Performance of SMOTE in tenfold Cross-validation and independent test

	Acc	MCC	CEN	E_C
Tenfold	0.8048	0.7730	0.2942	0.1952
Independent test	0.7948	0.7614	0.3044	0.2052

Performance of SMOTE in tenfold Cross-validation and independent test

Discussion

Feature analysis

RF gave the order of importance for the 1497-dimensional features. According to the importance degree, the first nine most important features were from the PWM-encoding scheme.
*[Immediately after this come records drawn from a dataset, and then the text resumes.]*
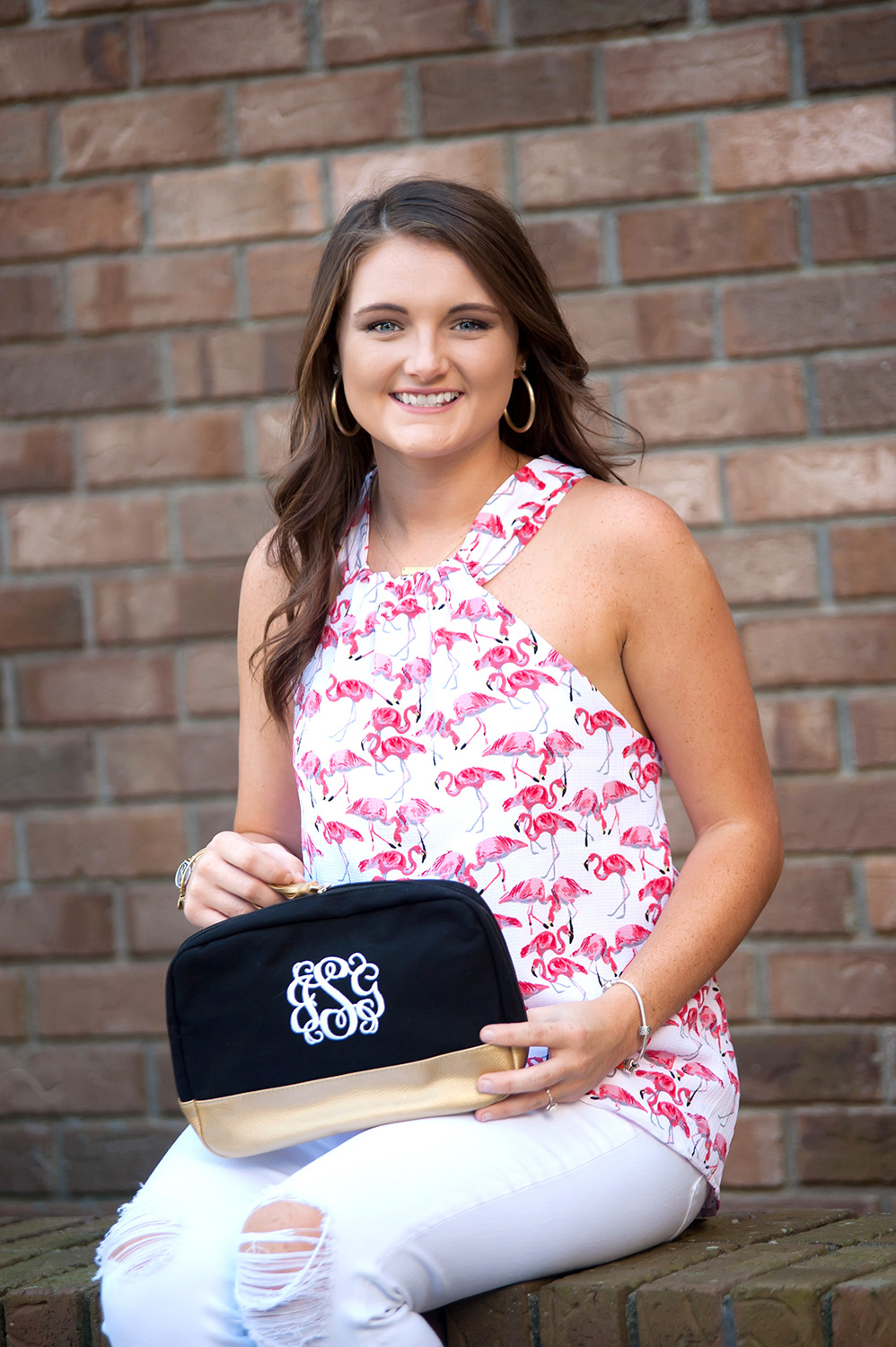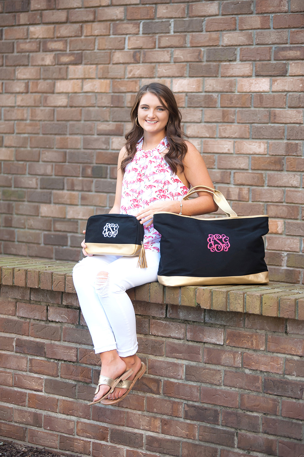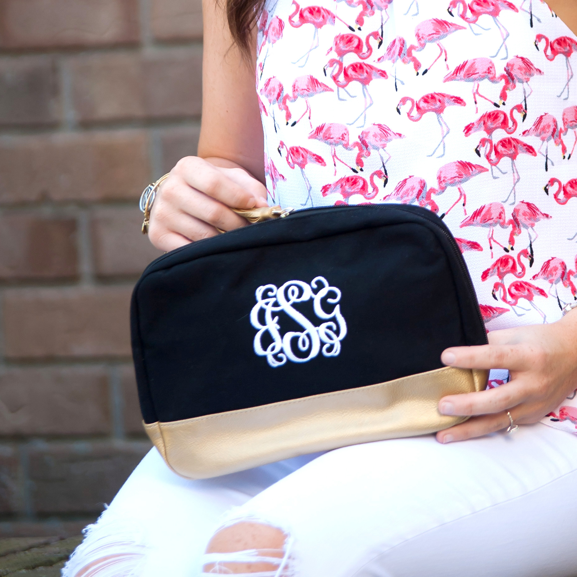 This black canvas accessory bag is the perfect size to drop your small necessities in so they are always easily accessible! This bag is great to throw in your weekend bag so nothing ever gets lost. The zipper closure keeps all of your necessities inside. This is the perfect gift for your bridal party or even a friend’s birthday! Everyone could use this durable accessory bag!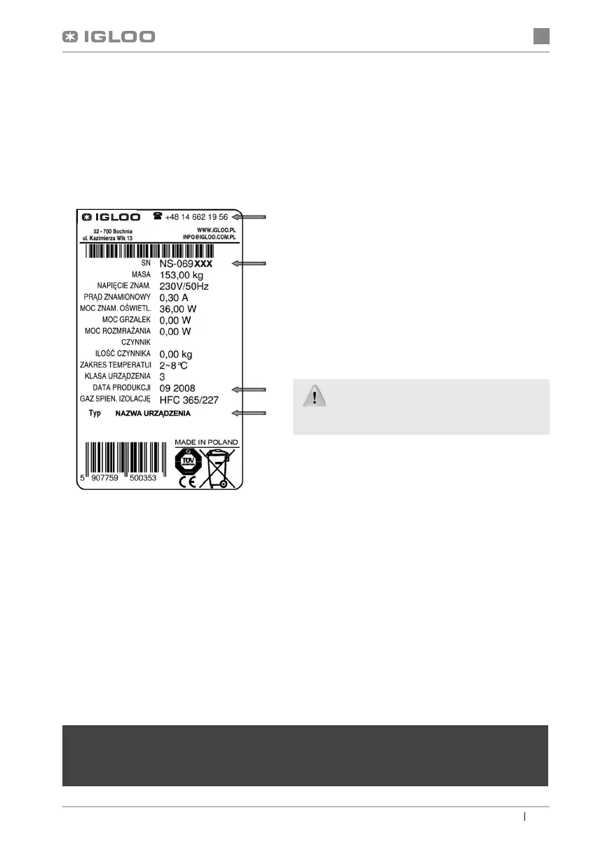 perly, please contact Technical Service of the Igloo company, stating the data from the data plate Fig.7 (p.15):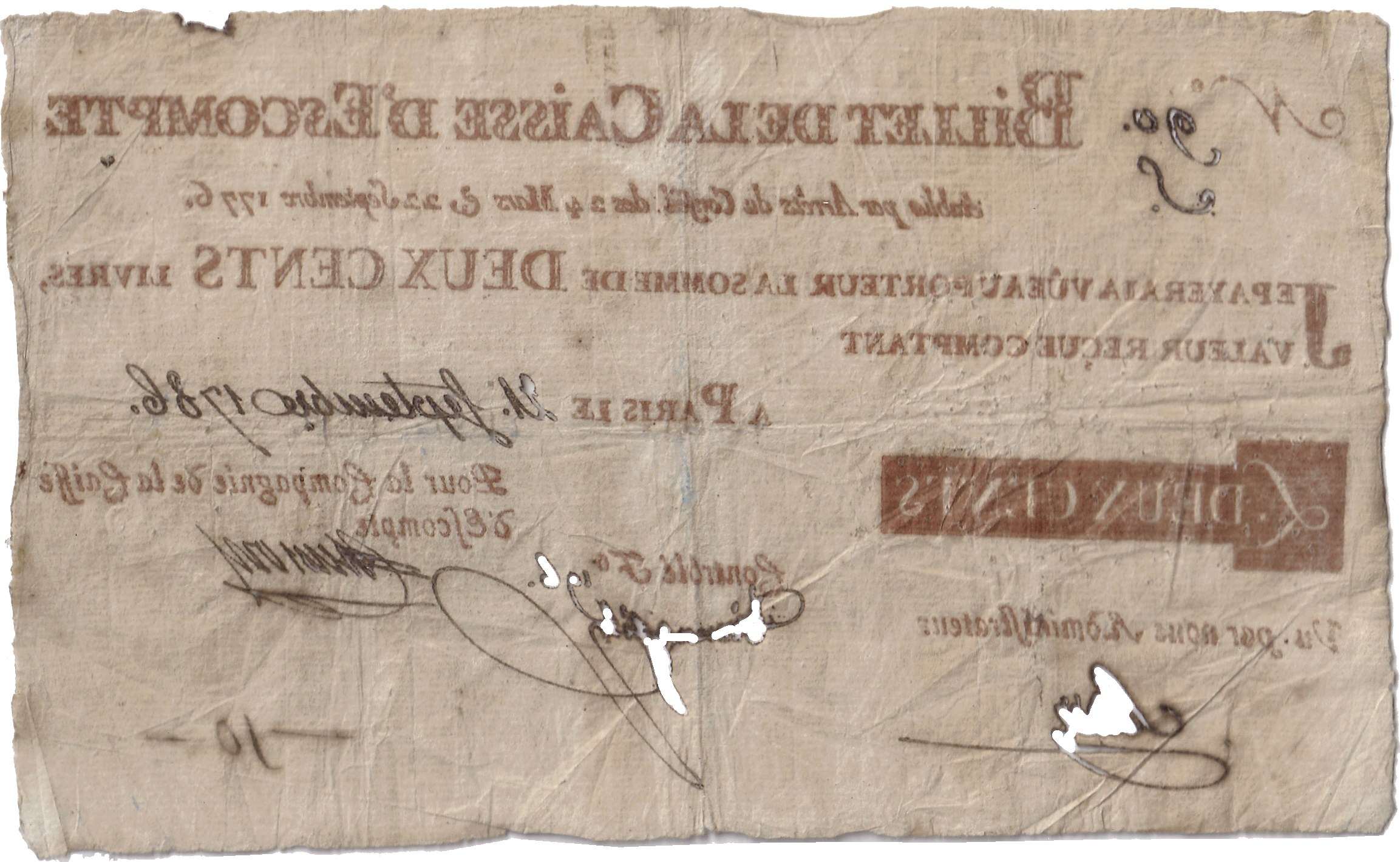 PCGS CHOICE FINE. Sans cachet au revers. Sur papier fin, filigrané CAISSE D’ESCOMPTE (papèterie d’Angoulême). Écritures manuscrites à l’encre d’époque, dont la plume a légèrement perforé le papier. Exemplaire gradé et certifié authentique par PCGS. Selon certaines opinions, ce billet pourrait être une contrefaçon d’époque, d’une grande rareté également pour une série mal documentée. Vendu comme tel. B.

The frequency of different amino acids appearing in different positions of the sequence fragment was significantly different, which provided important information. The cumulative importance of different encoding schemes is summarized in Fig. 7. The importance of FoldAmyloid is 0, which provides no identification information; CKSAAP, PWM and structure features are the three most important indicators (Fig. 7a). Figure 7b shows the margin of the three most important amino acids in CKSAAP. Y**A, D**Q and V*A play key roles in the fragments, indicating that there is a significant difference. Figure 7c shows the position information of the top five amino acids in PWM. The amino acid frequency information at + 4, + 7, + 2, − 1 and − 4 positions also differs significantly during different categories. Figure 7d shows the cumulative importance of the structural information of five amino acids. CN showed no contribution, whereas angles showed the largest cumulative contribution. After analysis, it was found that the top three features in structure-encoding schemes were all from secondary structure (SS), indicating that the SS plays an important role in identification.

Fig. 7

a Ranking chart of feature importance summarized by different feature-construction methods. a shows that CKSAAP, PWM and Structure coding are the three most informative methods; the importance of FoldAmyloid coding is 0, which provides no identification information. The remaining three images are the three most important amino-acid-space combination in CKSAAP (b), the position information of the top five amino acids in PWM (c), and the cumulative importance of the structural information of five signatures (d)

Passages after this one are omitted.